— Task prompt —
From the data below, copy exactly the lines that lie between the one holding "Gehen Sie zu join.com/auth/signup/company." and the one holding "bow. | $1650 |", including both, and nothing more.

(Source data begins)

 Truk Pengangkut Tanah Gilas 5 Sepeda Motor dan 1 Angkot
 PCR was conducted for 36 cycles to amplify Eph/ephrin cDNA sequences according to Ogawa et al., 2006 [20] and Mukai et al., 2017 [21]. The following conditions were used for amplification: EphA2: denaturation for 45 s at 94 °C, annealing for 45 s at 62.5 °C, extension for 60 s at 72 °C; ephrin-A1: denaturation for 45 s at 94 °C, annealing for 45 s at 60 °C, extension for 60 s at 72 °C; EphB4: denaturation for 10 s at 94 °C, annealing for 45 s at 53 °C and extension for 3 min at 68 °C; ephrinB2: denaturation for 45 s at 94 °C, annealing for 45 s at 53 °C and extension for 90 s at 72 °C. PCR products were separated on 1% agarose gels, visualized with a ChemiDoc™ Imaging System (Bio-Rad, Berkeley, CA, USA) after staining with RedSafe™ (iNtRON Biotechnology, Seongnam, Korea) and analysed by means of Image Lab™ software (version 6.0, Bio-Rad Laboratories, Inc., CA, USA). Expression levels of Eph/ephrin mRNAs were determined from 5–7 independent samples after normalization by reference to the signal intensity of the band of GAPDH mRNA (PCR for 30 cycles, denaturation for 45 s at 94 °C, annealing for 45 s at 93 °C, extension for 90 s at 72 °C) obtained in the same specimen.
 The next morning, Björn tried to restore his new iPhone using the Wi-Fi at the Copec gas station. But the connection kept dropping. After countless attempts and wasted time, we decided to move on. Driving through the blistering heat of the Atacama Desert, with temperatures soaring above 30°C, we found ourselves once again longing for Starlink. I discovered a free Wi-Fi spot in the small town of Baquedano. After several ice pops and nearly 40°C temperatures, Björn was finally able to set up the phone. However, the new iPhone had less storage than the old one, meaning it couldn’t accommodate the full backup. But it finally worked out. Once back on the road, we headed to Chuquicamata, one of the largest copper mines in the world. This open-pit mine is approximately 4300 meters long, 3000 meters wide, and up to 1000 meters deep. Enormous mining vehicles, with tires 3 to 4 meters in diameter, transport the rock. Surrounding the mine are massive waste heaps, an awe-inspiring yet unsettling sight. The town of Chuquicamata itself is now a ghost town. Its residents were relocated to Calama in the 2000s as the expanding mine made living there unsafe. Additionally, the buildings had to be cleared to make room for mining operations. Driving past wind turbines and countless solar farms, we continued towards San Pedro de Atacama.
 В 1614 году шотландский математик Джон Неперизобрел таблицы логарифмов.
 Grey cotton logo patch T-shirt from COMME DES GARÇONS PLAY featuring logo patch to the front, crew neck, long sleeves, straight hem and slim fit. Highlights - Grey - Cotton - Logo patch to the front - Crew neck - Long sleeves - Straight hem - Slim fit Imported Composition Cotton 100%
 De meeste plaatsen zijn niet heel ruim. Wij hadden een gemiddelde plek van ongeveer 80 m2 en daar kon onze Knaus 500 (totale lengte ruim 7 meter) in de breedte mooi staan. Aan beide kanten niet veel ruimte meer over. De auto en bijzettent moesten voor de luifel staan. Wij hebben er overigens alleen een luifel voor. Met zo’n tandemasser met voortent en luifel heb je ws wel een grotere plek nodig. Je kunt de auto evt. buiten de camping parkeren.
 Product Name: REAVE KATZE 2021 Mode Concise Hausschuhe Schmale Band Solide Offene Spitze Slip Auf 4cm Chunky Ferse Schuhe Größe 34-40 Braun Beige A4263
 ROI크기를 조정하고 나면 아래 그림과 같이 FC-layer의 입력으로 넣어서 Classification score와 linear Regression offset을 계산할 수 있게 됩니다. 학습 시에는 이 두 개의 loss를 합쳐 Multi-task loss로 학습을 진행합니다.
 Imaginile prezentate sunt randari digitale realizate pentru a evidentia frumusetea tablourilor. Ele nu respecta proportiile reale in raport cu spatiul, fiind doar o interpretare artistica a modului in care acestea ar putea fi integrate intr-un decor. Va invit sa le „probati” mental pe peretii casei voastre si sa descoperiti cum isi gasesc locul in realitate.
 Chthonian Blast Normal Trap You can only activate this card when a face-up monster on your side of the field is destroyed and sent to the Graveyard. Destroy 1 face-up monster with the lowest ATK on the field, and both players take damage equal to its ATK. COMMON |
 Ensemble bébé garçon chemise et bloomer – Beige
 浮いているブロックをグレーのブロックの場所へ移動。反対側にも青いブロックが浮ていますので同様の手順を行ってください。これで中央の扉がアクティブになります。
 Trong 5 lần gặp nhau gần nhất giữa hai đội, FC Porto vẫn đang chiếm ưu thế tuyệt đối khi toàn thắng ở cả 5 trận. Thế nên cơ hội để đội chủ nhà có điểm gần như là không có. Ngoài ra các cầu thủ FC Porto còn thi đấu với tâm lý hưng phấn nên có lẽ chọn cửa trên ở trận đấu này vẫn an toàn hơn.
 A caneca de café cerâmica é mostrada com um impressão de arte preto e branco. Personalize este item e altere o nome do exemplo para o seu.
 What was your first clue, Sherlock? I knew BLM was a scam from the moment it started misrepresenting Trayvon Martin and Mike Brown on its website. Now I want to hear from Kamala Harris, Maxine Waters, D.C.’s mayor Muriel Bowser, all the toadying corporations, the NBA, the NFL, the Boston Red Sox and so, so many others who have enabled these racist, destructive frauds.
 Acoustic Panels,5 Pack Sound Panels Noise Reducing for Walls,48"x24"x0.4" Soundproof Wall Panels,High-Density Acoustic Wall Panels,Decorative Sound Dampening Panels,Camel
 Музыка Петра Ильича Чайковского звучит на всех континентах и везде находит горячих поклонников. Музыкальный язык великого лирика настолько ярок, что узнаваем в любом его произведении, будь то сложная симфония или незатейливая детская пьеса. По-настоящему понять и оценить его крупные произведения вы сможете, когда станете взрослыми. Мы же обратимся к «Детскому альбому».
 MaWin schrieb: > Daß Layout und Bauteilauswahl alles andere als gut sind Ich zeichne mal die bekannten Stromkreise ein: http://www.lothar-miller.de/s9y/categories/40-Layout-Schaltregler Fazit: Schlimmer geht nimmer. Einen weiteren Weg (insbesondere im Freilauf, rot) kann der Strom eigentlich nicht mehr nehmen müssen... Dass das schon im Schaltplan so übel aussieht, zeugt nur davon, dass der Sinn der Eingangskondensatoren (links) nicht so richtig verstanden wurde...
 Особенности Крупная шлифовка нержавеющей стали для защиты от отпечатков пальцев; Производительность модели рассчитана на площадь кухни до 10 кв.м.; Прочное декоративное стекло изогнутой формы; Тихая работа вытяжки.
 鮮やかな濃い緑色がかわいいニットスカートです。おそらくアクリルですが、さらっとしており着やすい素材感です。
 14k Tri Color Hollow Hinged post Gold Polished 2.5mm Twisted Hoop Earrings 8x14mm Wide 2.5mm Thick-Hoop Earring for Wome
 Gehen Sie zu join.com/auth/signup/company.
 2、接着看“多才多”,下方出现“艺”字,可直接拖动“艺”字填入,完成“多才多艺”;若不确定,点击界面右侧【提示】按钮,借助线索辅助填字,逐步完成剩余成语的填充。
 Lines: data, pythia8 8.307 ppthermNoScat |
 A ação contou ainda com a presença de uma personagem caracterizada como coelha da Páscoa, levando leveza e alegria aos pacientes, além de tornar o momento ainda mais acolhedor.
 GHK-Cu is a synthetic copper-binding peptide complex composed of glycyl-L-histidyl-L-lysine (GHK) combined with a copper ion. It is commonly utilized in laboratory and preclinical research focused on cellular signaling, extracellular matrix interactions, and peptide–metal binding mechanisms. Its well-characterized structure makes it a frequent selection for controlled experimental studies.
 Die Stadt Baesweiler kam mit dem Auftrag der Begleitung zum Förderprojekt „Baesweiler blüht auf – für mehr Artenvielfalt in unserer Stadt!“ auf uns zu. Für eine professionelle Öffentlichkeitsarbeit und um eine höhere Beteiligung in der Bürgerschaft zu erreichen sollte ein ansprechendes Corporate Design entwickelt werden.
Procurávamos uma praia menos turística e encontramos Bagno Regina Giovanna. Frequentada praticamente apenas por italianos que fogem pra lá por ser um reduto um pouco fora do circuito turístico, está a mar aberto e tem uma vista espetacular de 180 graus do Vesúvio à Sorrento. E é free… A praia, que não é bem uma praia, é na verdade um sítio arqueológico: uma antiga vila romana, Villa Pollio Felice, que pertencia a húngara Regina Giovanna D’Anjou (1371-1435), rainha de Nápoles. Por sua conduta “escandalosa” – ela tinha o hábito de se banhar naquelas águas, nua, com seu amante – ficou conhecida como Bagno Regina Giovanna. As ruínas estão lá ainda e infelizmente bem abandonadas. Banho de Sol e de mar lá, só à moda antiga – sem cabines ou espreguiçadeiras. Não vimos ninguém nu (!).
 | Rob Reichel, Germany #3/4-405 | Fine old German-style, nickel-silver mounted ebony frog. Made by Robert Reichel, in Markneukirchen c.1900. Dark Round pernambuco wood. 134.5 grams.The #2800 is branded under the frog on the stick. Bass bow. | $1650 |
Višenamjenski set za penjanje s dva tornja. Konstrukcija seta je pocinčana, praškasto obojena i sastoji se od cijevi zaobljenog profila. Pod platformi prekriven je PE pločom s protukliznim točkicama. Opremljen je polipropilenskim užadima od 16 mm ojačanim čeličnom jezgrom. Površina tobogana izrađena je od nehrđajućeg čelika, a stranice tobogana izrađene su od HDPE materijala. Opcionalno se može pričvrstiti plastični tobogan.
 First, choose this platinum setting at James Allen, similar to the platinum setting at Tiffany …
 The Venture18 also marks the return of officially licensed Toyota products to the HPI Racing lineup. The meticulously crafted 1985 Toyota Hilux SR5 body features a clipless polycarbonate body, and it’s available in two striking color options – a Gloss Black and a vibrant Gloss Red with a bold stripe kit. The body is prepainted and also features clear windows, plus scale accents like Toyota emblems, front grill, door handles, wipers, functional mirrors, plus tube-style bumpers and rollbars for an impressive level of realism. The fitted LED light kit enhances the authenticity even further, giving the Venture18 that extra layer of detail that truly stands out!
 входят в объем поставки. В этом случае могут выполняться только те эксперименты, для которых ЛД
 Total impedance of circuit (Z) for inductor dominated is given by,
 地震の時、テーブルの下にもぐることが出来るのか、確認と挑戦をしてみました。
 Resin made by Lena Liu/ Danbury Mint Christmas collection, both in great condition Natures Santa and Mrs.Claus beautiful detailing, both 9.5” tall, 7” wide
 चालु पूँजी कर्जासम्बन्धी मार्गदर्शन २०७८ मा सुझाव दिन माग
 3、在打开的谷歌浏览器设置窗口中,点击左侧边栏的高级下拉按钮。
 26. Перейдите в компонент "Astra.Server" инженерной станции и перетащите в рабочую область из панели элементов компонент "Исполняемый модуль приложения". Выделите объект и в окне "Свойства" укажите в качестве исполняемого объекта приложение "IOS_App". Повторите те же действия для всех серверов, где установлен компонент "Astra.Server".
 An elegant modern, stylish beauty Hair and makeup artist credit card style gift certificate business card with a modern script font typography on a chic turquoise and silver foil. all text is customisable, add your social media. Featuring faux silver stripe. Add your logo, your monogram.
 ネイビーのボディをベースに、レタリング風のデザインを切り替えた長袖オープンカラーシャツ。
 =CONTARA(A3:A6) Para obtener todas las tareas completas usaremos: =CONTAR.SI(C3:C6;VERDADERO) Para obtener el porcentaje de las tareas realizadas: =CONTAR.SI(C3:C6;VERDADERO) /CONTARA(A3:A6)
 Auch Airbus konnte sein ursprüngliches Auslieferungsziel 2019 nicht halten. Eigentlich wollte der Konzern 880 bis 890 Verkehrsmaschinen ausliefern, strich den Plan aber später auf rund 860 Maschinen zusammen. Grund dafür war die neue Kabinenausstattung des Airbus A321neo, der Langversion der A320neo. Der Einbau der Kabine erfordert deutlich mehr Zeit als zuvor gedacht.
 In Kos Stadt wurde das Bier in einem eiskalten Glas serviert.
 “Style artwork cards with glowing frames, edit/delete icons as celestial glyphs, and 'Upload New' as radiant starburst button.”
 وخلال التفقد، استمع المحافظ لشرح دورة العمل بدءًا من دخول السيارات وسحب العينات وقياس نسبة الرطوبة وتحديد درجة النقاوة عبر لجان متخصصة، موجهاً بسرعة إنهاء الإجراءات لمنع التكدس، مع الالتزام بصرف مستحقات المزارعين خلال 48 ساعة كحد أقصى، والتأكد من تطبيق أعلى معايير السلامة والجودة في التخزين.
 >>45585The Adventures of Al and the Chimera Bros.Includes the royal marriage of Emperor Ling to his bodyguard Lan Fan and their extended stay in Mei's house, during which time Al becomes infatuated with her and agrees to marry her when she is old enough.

(Source data ends)

— Exercise result —
 Gehen Sie zu join.com/auth/signup/company.
 2、接着看“多才多”,下方出现“艺”字,可直接拖动“艺”字填入,完成“多才多艺”;若不确定,点击界面右侧【提示】按钮,借助线索辅助填字,逐步完成剩余成语的填充。
 Lines: data, pythia8 8.307 ppthermNoScat |
 A ação contou ainda com a presença de uma personagem caracterizada como coelha da Páscoa, levando leveza e alegria aos pacientes, além de tornar o momento ainda mais acolhedor.
 GHK-Cu is a synthetic copper-binding peptide complex composed of glycyl-L-histidyl-L-lysine (GHK) combined with a copper ion. It is commonly utilized in laboratory and preclinical research focused on cellular signaling, extracellular matrix interactions, and peptide–metal binding mechanisms. Its well-characterized structure makes it a frequent selection for controlled experimental studies.
 Die Stadt Baesweiler kam mit dem Auftrag der Begleitung zum Förderprojekt „Baesweiler blüht auf – für mehr Artenvielfalt in unserer Stadt!“ auf uns zu. Für eine professionelle Öffentlichkeitsarbeit und um eine höhere Beteiligung in der Bürgerschaft zu erreichen sollte ein ansprechendes Corporate Design entwickelt werden.
Procurávamos uma praia menos turística e encontramos Bagno Regina Giovanna. Frequentada praticamente apenas por italianos que fogem pra lá por ser um reduto um pouco fora do circuito turístico, está a mar aberto e tem uma vista espetacular de 180 graus do Vesúvio à Sorrento. E é free… A praia, que não é bem uma praia, é na verdade um sítio arqueológico: uma antiga vila romana, Villa Pollio Felice, que pertencia a húngara Regina Giovanna D’Anjou (1371-1435), rainha de Nápoles. Por sua conduta “escandalosa” – ela tinha o hábito de se banhar naquelas águas, nua, com seu amante – ficou conhecida como Bagno Regina Giovanna. As ruínas estão lá ainda e infelizmente bem abandonadas. Banho de Sol e de mar lá, só à moda antiga – sem cabines ou espreguiçadeiras. Não vimos ninguém nu (!).
 | Rob Reichel, Germany #3/4-405 | Fine old German-style, nickel-silver mounted ebony frog. Made by Robert Reichel, in Markneukirchen c.1900. Dark Round pernambuco wood. 134.5 grams.The #2800 is branded under the frog on the stick. Bass bow. | $1650 |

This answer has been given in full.